▸ **Exercise directions**
Output the full listing below exactly, without the pictures.

▸ **Source data**
┌────────

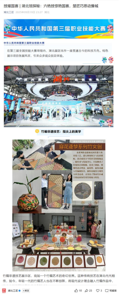 威廉希尔中国官方网站“布谷鸟非遗工作坊”的竹编非遗技艺作为湖北省六大特色展示项目之一,受邀参加现场展演。团队李芸芸老师、向敏老师现场展示竹编技艺,介绍我校在实践育人方面的特色成果,受到众多媒体关注。
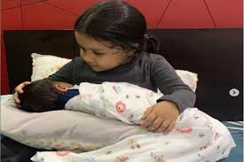 জিভার কোলে শুয়ে রয়েছে একরত্তি। ছোট্ট শরীরখানি জড়ানো সাদা প্রিন্টেড কাপড় দিয়ে। আর মুখটা জিভার দিকে। সামাজিক মাধ্যমে দুটি ছবি পোস্ট করেছেন খোদ সাক্ষী ধোনি। আর তারপর থেকেই শুরু হয়েছে
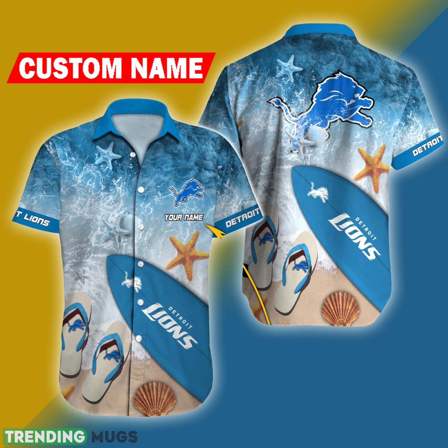 Detroit Lions Surfboard Pattern Custom Name Hawaiian Shirt Details:
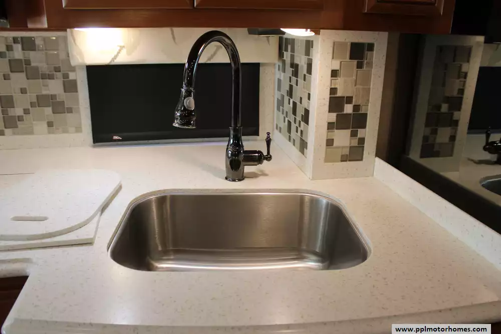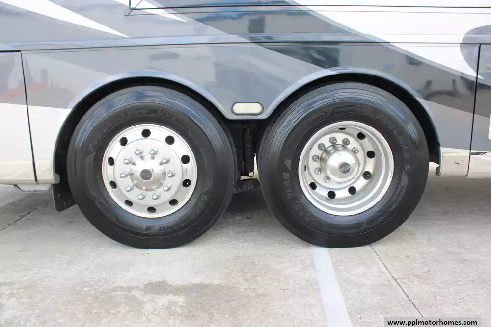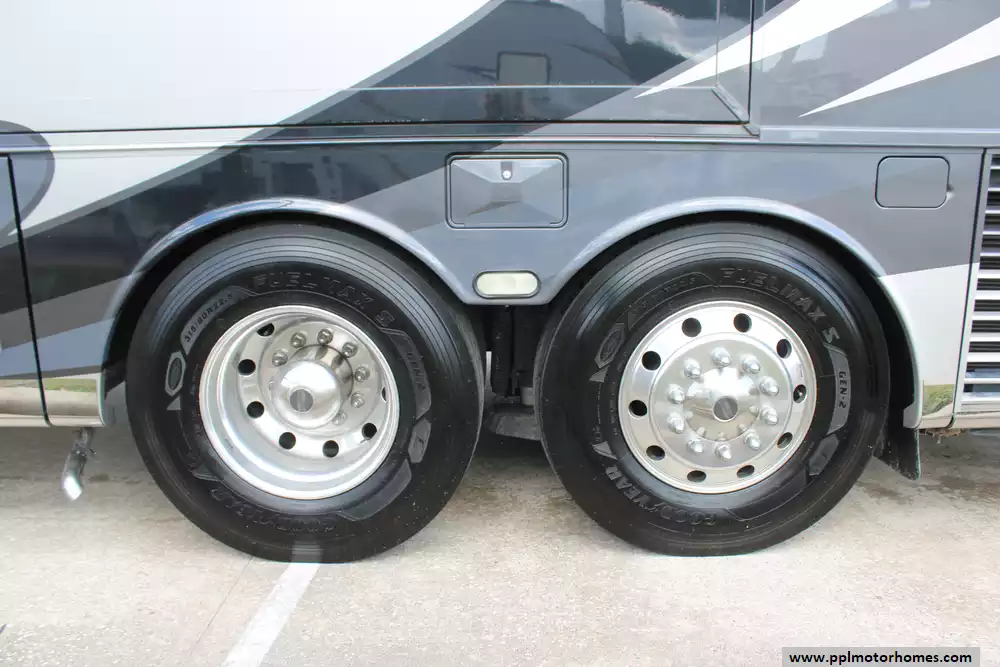Specs: Length: 40.09 ft., Width: 8.45 ft., Height: 13 ft., Interior Height: 6.91 ft., Interior Width: 7.95 ft., Total Fresh Water Tank Capacity: 105 gal., Total Gray Water Tank Capacity: 65 gal., Total Black Water Tank Capacity: 45 gal., Number of Propane Tanks: 1.
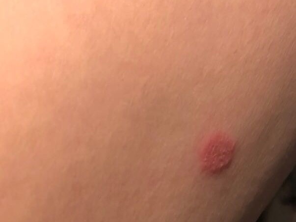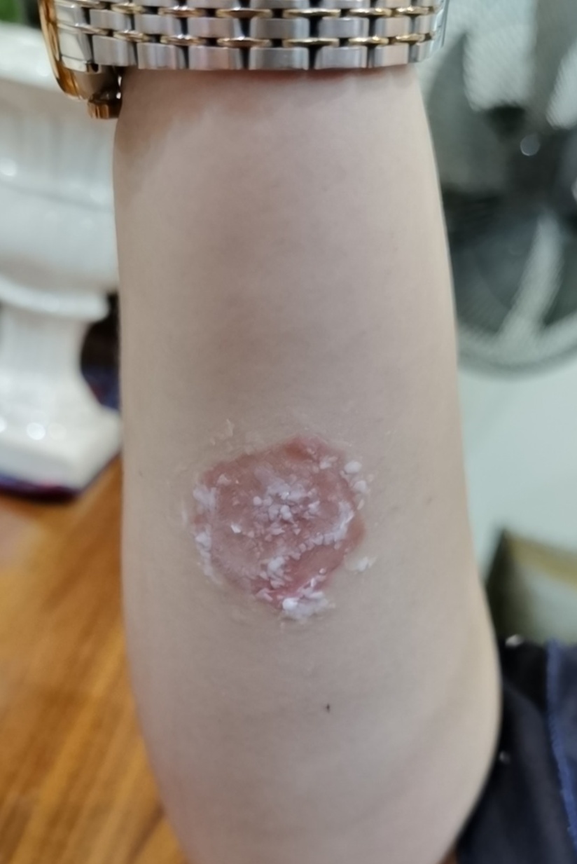 可以看到,她右手手臂的红斑直径有大约5cm,夜间奇痒无比。而小陈又患有荨麻疹,所以一抓皮肤,就会出现一条条的突起,继而变成风团。
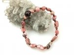 Kamyki rodochrozytu - bransoletka na podwójnej gumce, mosiądz, obwód 15 cm, waga 8.8 grama, rękodzieło
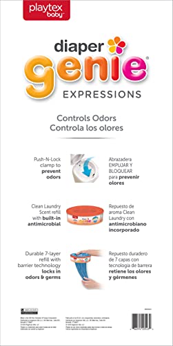 - NO MORE STINK: Diaper Genie Expressions Pail is a compact diaper trash can that prevents odor spread while disposing of your baby’s dirty diapers! The Push-N-Lock clamp helps lock-in escaping odor to keep your nursery smelling fresh.
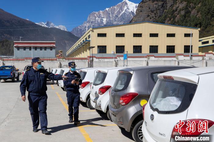 圖為拉薩海關(guān)關(guān)員在吉隆口岸出口貨物查驗(yàn)場(chǎng)監(jiān)管出口國產(chǎn)電動(dòng)車。資料圖 拉薩海關(guān)供圖
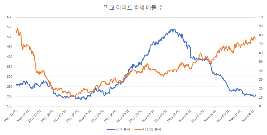판고 아파트 매매 매물 및 대장동 아파트 매매 매물 수도 동일한 현상으로 매물 수가 급감한 것으로 보이는 것 같습니다.
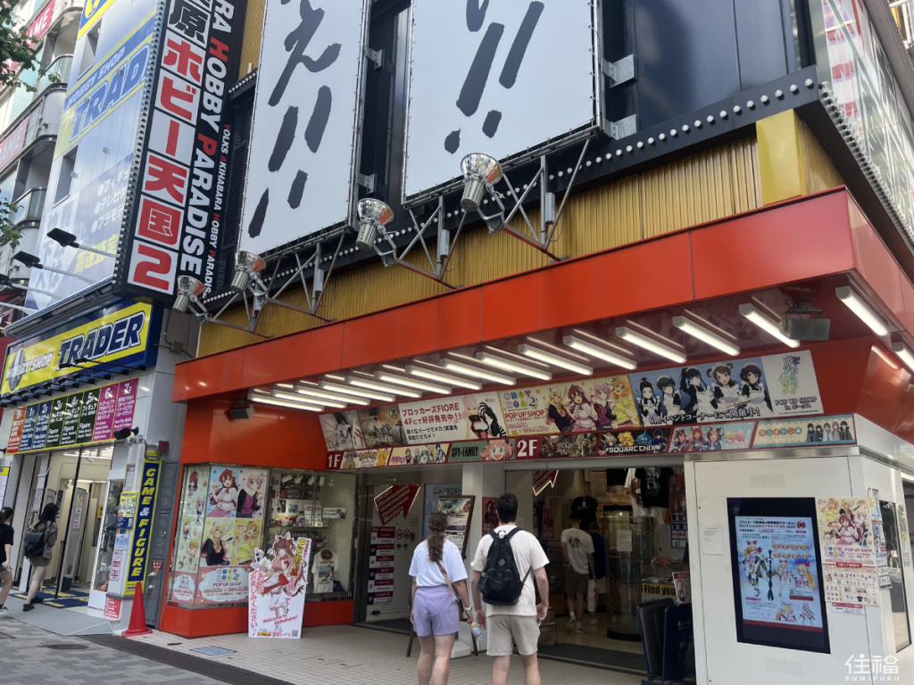 By far the most iconic store in all of Akihabara, Akihabara Radio Kaikan is directly outside the South Exit of Akihabara Station. With its distinctive bright yellow exterior, this mega complex consists of ten floors and is home to various stores selling action figures, trading cards, idol goods, and much more. If you don’t want to spend hours walking around the other smaller shops in the area, visiting Akihabara Radio Kaikan is ideal, as it is like a one-stop shop for stereotypical Akihabara goods.
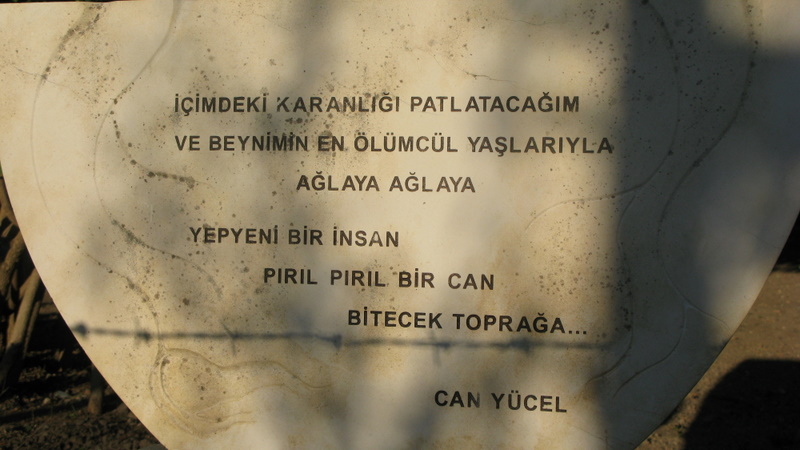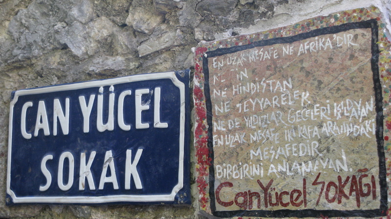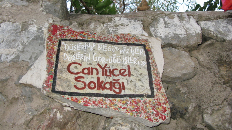Ömrünün büyük bölümünü burada geçiren Can Yücel’in evi meraklılarının odak noktası. Datça’ya gitmeden önce bölgeyle ilgili olarak okurken o kadar çokyerde aynı cümlelere aynı ifadelere rastladım ki. Aynılarını ben de yazsam mı yazmasam mı diye biraz çekimser kaldım. Ben çok fazla şiir meraklısı, şair takipçisi olmadığım ve facebookta dolananlar dışında Can Yücel şiiri de bilmediğim için bu yazıda ona özel bir önem atfetmek iki yüzlülük gibi geldi. Mahalledeki Can Evi şairin ölüm yıldönümü olan 12 Ağustos’ta ziyarete açılıyormuş. Evin olduğu sokağın ismi Can Yücel sokağı zaten. Dışarıdan bakınca mermer plaka üzerine işlenmiş  kısa bir şiirini görebiliyorsunuz.
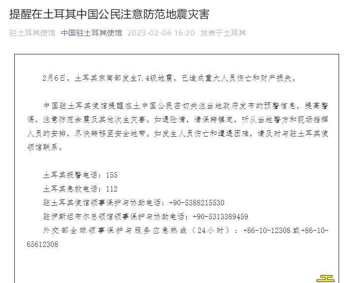 香港新聞網2月7日電 中國駐土耳其使館微信公眾號2月6日發佈公告,提醒在土耳其中國公民注意防範地震災害。 2月6日,土耳其東南部發生7.4級地震,已造成重大人員傷亡和財產損失。 中國駐土耳其使館提醒在土中國公民密切關注當地政府發佈的預警信息,提高警惕,注意防範餘震及其他次生災害。如遇險情,請保持鎮定,聽從當地警方和現場指揮人員的安排,盡快轉移至安全地帶。如發生人員傷亡和遭遇困難,請及時與駐土耳其使領館聯繫。 土耳其報警電話:155 土耳其急救電話:112 駐土耳其使館領事保護與協助電話:+90-5388215530 駐伊斯坦布爾總領館領事保護與協助電話:+90-5313389459 外交部全球領事保護與服務應急熱線(24小時):+86-10-12308或+86-10-65612308

└────────

▸ **Answer area**
 威廉希尔中国官方网站“布谷鸟非遗工作坊”的竹编非遗技艺作为湖北省六大特色展示项目之一,受邀参加现场展演。团队李芸芸老师、向敏老师现场展示竹编技艺,介绍我校在实践育人方面的特色成果,受到众多媒体关注。
 জিভার কোলে শুয়ে রয়েছে একরত্তি। ছোট্ট শরীরখানি জড়ানো সাদা প্রিন্টেড কাপড় দিয়ে। আর মুখটা জিভার দিকে। সামাজিক মাধ্যমে দুটি ছবি পোস্ট করেছেন খোদ সাক্ষী ধোনি। আর তারপর থেকেই শুরু হয়েছে
 Detroit Lions Surfboard Pattern Custom Name Hawaiian Shirt Details:
Specs: Length: 40.09 ft., Width: 8.45 ft., Height: 13 ft., Interior Height: 6.91 ft., Interior Width: 7.95 ft., Total Fresh Water Tank Capacity: 105 gal., Total Gray Water Tank Capacity: 65 gal., Total Black Water Tank Capacity: 45 gal., Number of Propane Tanks: 1.
 可以看到,她右手手臂的红斑直径有大约5cm,夜间奇痒无比。而小陈又患有荨麻疹,所以一抓皮肤,就会出现一条条的突起,继而变成风团。
 Kamyki rodochrozytu - bransoletka na podwójnej gumce, mosiądz, obwód 15 cm, waga 8.8 grama, rękodzieło
 - NO MORE STINK: Diaper Genie Expressions Pail is a compact diaper trash can that prevents odor spread while disposing of your baby’s dirty diapers! The Push-N-Lock clamp helps lock-in escaping odor to keep your nursery smelling fresh.
 圖為拉薩海關(guān)關(guān)員在吉隆口岸出口貨物查驗(yàn)場(chǎng)監(jiān)管出口國產(chǎn)電動(dòng)車。資料圖 拉薩海關(guān)供圖
판고 아파트 매매 매물 및 대장동 아파트 매매 매물 수도 동일한 현상으로 매물 수가 급감한 것으로 보이는 것 같습니다.
 By far the most iconic store in all of Akihabara, Akihabara Radio Kaikan is directly outside the South Exit of Akihabara Station. With its distinctive bright yellow exterior, this mega complex consists of ten floors and is home to various stores selling action figures, trading cards, idol goods, and much more. If you don’t want to spend hours walking around the other smaller shops in the area, visiting Akihabara Radio Kaikan is ideal, as it is like a one-stop shop for stereotypical Akihabara goods.
Ömrünün büyük bölümünü burada geçiren Can Yücel’in evi meraklılarının odak noktası. Datça’ya gitmeden önce bölgeyle ilgili olarak okurken o kadar çokyerde aynı cümlelere aynı ifadelere rastladım ki. Aynılarını ben de yazsam mı yazmasam mı diye biraz çekimser kaldım. Ben çok fazla şiir meraklısı, şair takipçisi olmadığım ve facebookta dolananlar dışında Can Yücel şiiri de bilmediğim için bu yazıda ona özel bir önem atfetmek iki yüzlülük gibi geldi. Mahalledeki Can Evi şairin ölüm yıldönümü olan 12 Ağustos’ta ziyarete açılıyormuş. Evin olduğu sokağın ismi Can Yücel sokağı zaten. Dışarıdan bakınca mermer plaka üzerine işlenmiş  kısa bir şiirini görebiliyorsunuz.
 香港新聞網2月7日電 中國駐土耳其使館微信公眾號2月6日發佈公告,提醒在土耳其中國公民注意防範地震災害。 2月6日,土耳其東南部發生7.4級地震,已造成重大人員傷亡和財產損失。 中國駐土耳其使館提醒在土中國公民密切關注當地政府發佈的預警信息,提高警惕,注意防範餘震及其他次生災害。如遇險情,請保持鎮定,聽從當地警方和現場指揮人員的安排,盡快轉移至安全地帶。如發生人員傷亡和遭遇困難,請及時與駐土耳其使領館聯繫。 土耳其報警電話:155 土耳其急救電話:112 駐土耳其使館領事保護與協助電話:+90-5388215530 駐伊斯坦布爾總領館領事保護與協助電話:+90-5313389459 外交部全球領事保護與服務應急熱線(24小時):+86-10-12308或+86-10-65612308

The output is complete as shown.